Any chance of a really short scale one say 18 inches, could be strung and tuned as either a mandola or an OM.  I find that melodic playing on anything longer than 18" I am starting to stretch uncomfortably.  I have small hands, and prefer light strings in the 15-18 lb range.  I know this would lose power but don`t care, it's into a mic or a pickup most of the time, and less power is easier on the neighbors too.  Its the quality of sound that matters more than quantity to me.

----------


## nkforster

> Yes a nice sound on that instrument. 
> I'm wondering why the shape of the body is straight instead of the usual curved bout, to the neck?

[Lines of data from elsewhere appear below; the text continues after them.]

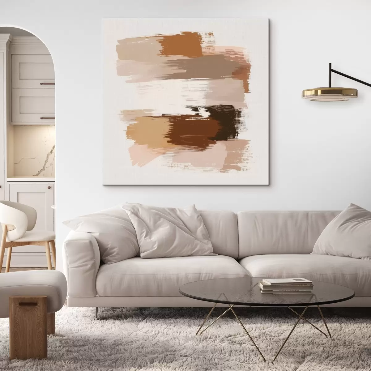 Glezna Minimālisma stila kompozīcija ar horizontāliem triepieniem kafijas un terakotas toņos Nr s48858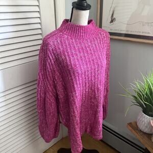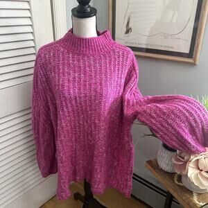 PILCRO ANTHROPOLOGIE Sweater Womens XL Pink Oversized Textured Tunic Preppy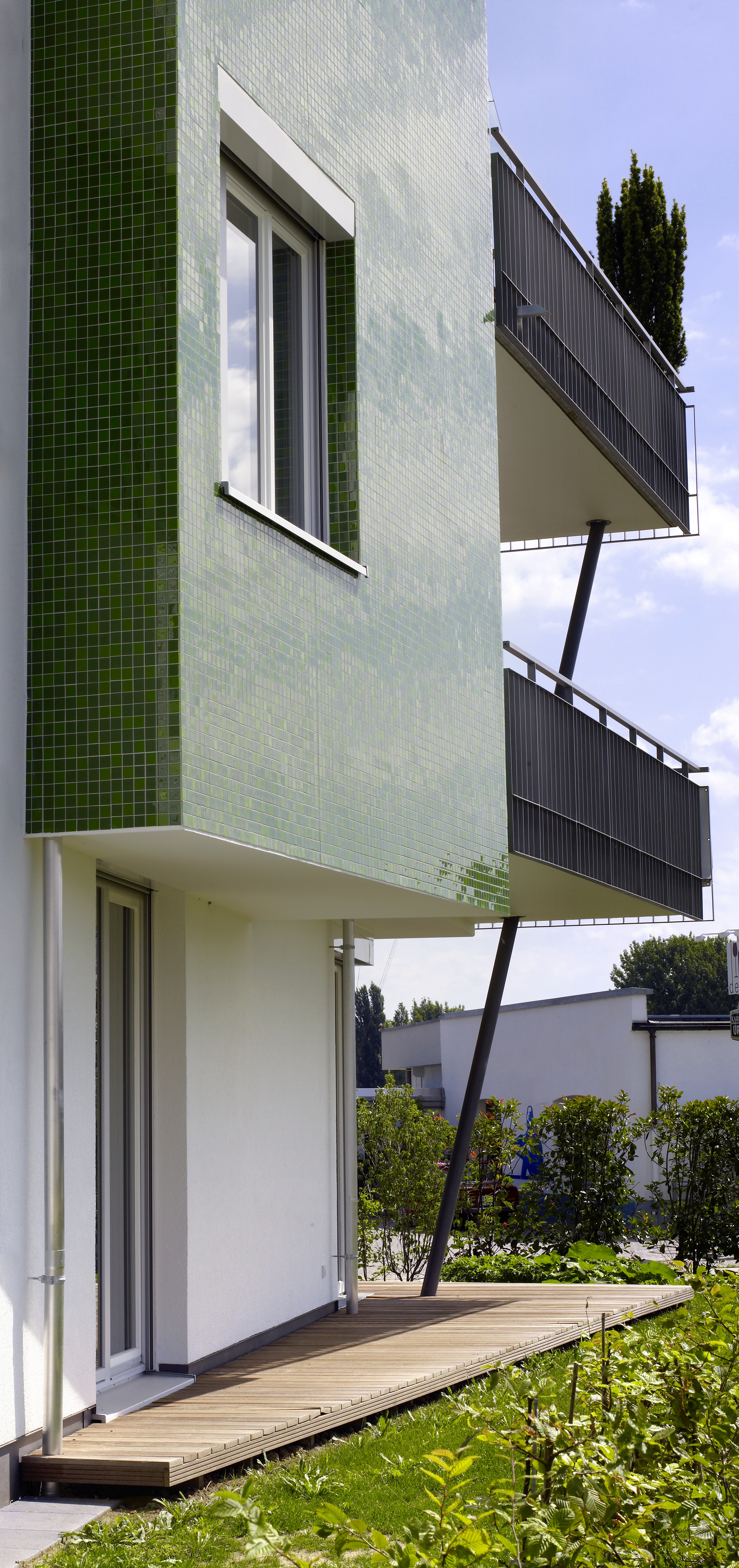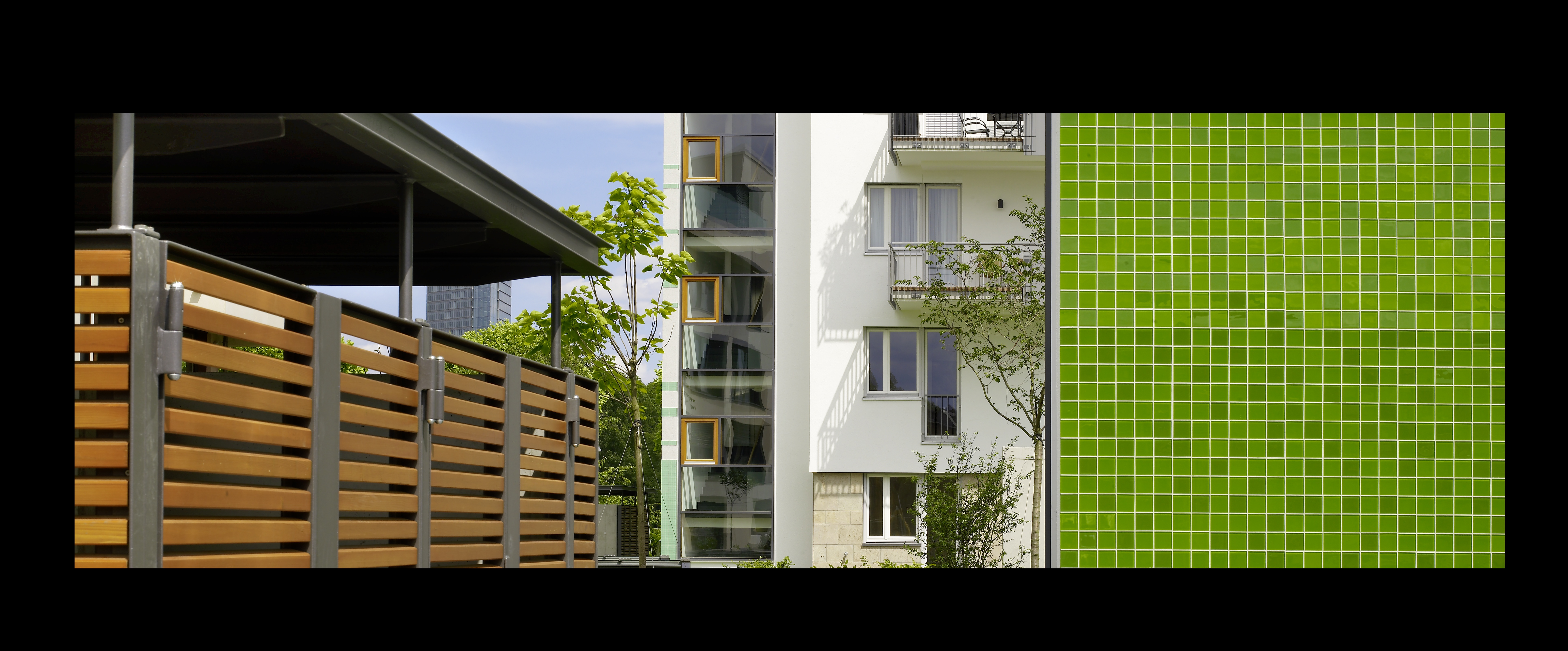Um die besondere optische Wirkung der Ornamente zu jeder Tageszeit zur Entfaltung kommen zu lassen, musste der ursprünglich dunkle Spezialkleber eigens auf die Materialerfordernisse des Glasmosaiks, des Untergrunds und des weiß verputzen Umfelds abgestimmt werden: "Die Wahl eines helleren Klebers sollte die Farbintensität verstärken. In enger Zusammenarbeit mit den WDVS-Spezialisten von Caparol in Ober-Ramstadt wurden sowohl die notwendigen materialtechnischen Voraussetzungen geschaffen als auch die formalen Bedingungen für den rechtskonformen Einsatz der Glasmosaike als Bestandteile einer fachgerecht gedämmten Kombinationsfassade erfüllt", berichtet Architekt Patrick Humpert, der die in verschiedenen Grüntönen changierenden Glasfliesen-Mosaike aus Südafrika in Ludwigshafen am Rhein gern noch großzügiger verwendet hätte.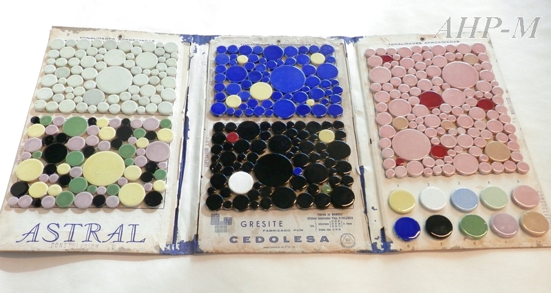 [1958]. Valencia. Archivo Histórico Provincial de Málaga. Archivo José González Edo. Sig.OBJ 05/03. Muestrario de gresite, Astral constelación. Muestra de azulejos. Observ.: tríptico de muestras de diferentes colores, fabricado por CELODE SA, empresa valenciana, es utilizado como herramienta de trabajo por el arquitecto para el diseño de sus proyectos. MFE.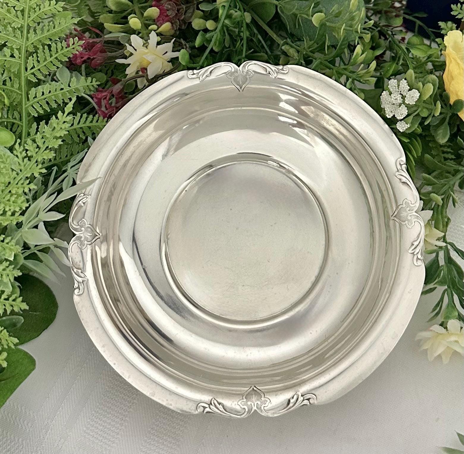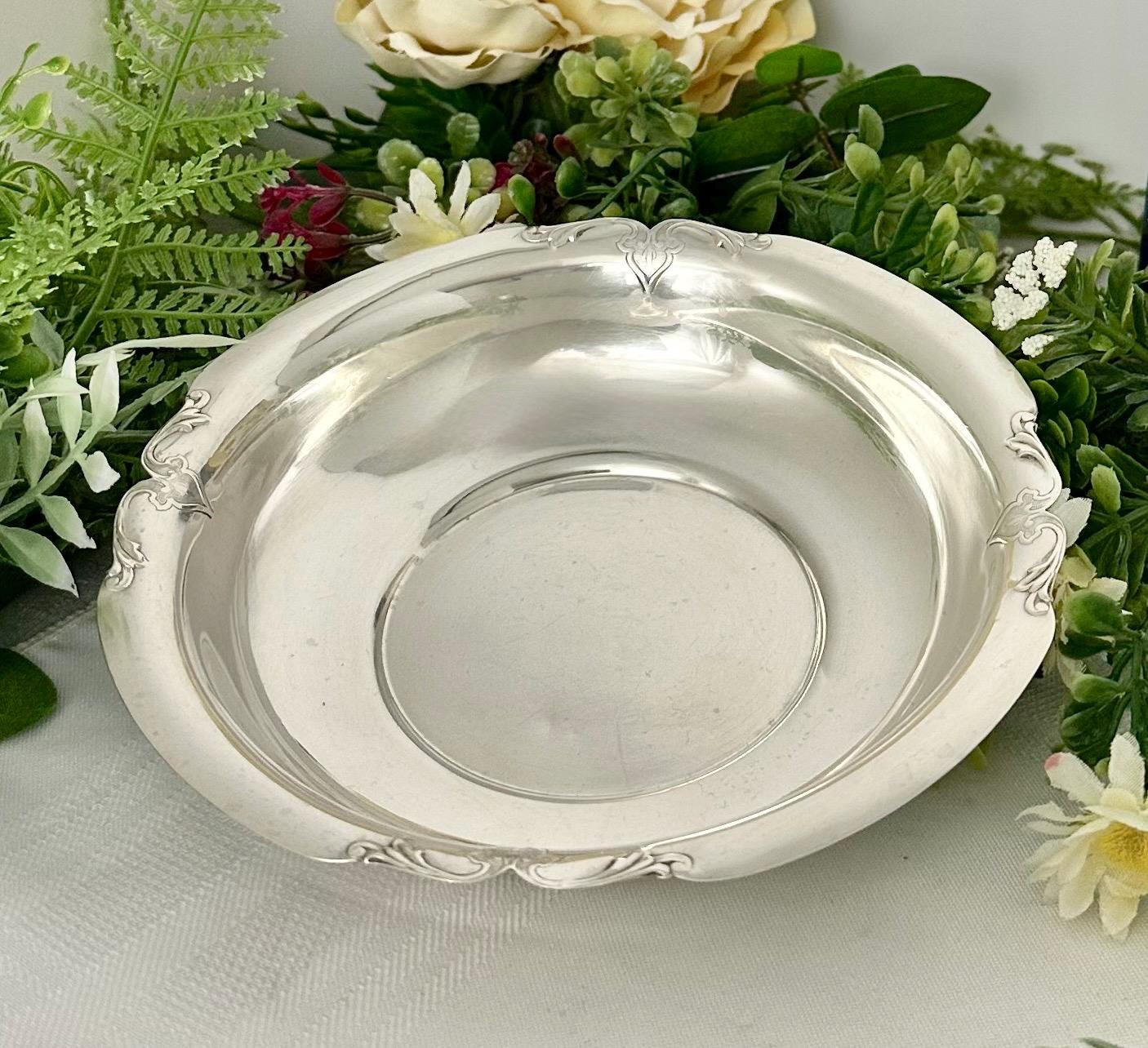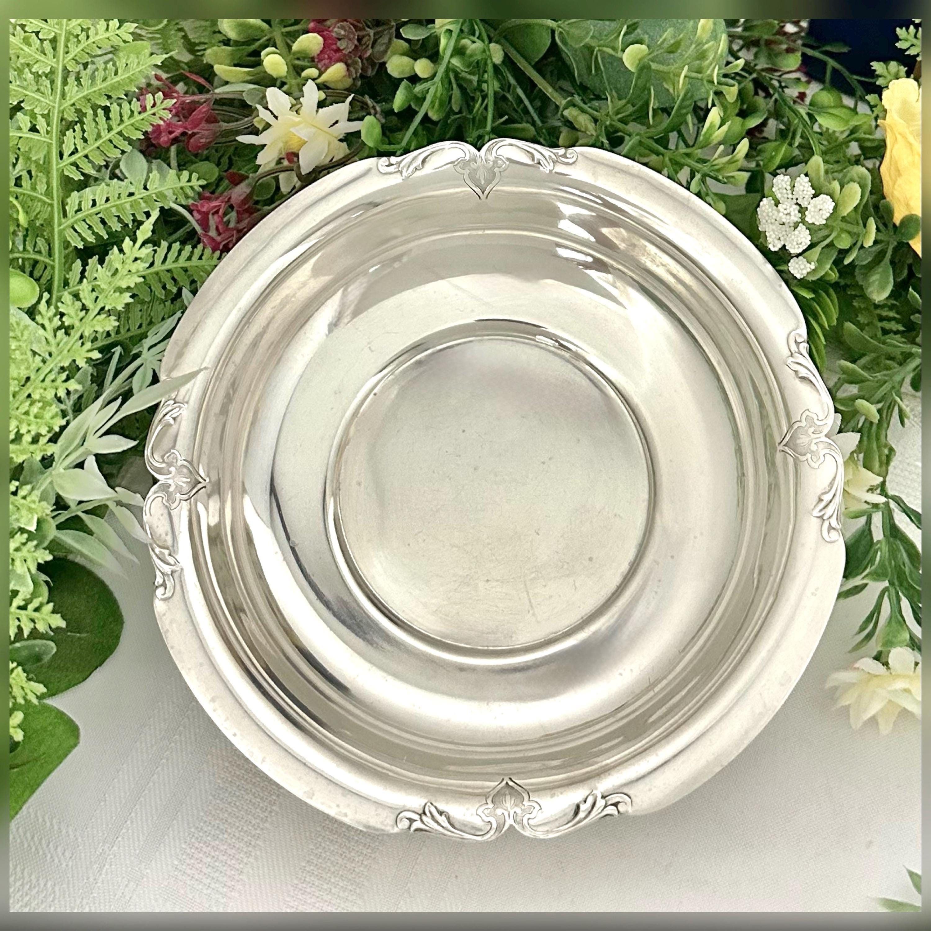 This antique piece adds a touch of luxury and sophistication to any room or dining table, making it a beautiful and practical addition to any collection. There are a few couple pin dents in the bottom of the bowl. Better than Typical age condition.

The guitar / bouzouki's are the same shape.


Well, you start with a regular 14 fret to the body guitar design. In this case, my Model S.

When you join the neck at the 15th or 16th fret you have two choices - move the neck out from the 14th fret position or keep the bridge where it is and move the shoulders in. If you do the former the bridge gets very close to the soundhole. If you do the latter, you get squarer shoulders as the top bout is reduced by around 20mm. 

Nigel
https://www.nkforsterguitars.com/ins.../tenor-guitar/

- - - Updated - - -




> Any chance of a really short scale one say 18 inches, could be strung and tuned as either a mandola or an OM.  I find that melodic playing on anything longer than 18" I am starting to stretch uncomfortably.  I have small hands, and prefer light strings in the 15-18 lb range.  I know this would lose power but don`t care, it's into a mic or a pickup most of the time, and less power is easier on the neighbors too.  Its the quality of sound that matters more than quantity to me.


I think you'd get more responses to this if you start a separate thread.

Nigel
https://www.nkforsterguitars.com/ins.../tenor-guitar/

----------

DougC

----------


## JLMyers

A few pix of my ca, 1939 Vega Advanced C-66 plectrum guitar.

----------


## JLMyers

Vega plectrum and Harmony tenor comparison photo. Plectrum has 26" scale, tenor is 23"

----------

Irénée

----------


## Irénée

... And what are their specific tuning (plectrum comparing tenor) ?  :Cool:

----------


## DavidKOS

> ... And what are their specific tuning (plectrum comparing tenor) ?


 Originally tenor banjo and tenor guitar were tuned CGDA.  Plectrum banjo, basically a "regular banjo" without the 5th string, was tuned CGBD.  Both were steel strung and played with a pick.

"Chicago" tuning is the tuning of the baritone ukulele, DGBE, which can be used on either the shorter neck tenor or the longer neck plectrum banjo.

Finally, some Italian and Irish tenor banjo players tuned to octave mandolin tuning, GDAE.

----------

Irénée

----------


## JLMyers

> Originally tenor banjo and tenor guitar were tuned CGDA.  Plectrum banjo, basically a "regular banjo" without the 5th string, was tuned CGBD.  Both were steel strung and played with a pick.
> 
> "Chicago" tuning is the tuning of the baritone ukulele, DGBE, which can be used on either the shorter neck tenor or the longer neck plectrum banjo.
> 
> Finally, some Italian and Irish tenor banjo players tuned to octave mandolin tuning, GDAE.


David:  Succinctly stated and exactly correct. Well done!  J.L.Myers ['39 Vega Advanced C-66 plectrum guitar, '25 B&D #2 plectrum banjo]

----------

DavidKOS, 

Irénée

----------


## Charles E.

To paraphrase an old viola joke "whats the difference between a tenor guitar and a plectrum guitar? The plectrum guitar burns longer."   :Grin:

----------

DavidKOS, 

Jill McAuley

----------


## Irénée

... Therefore, it seems (reading & hearing nkforster) that the best "recommended" scale is the Plectrum (long scale) with a GDAE tuning !?  :Cool:  :Mandosmiley:

----------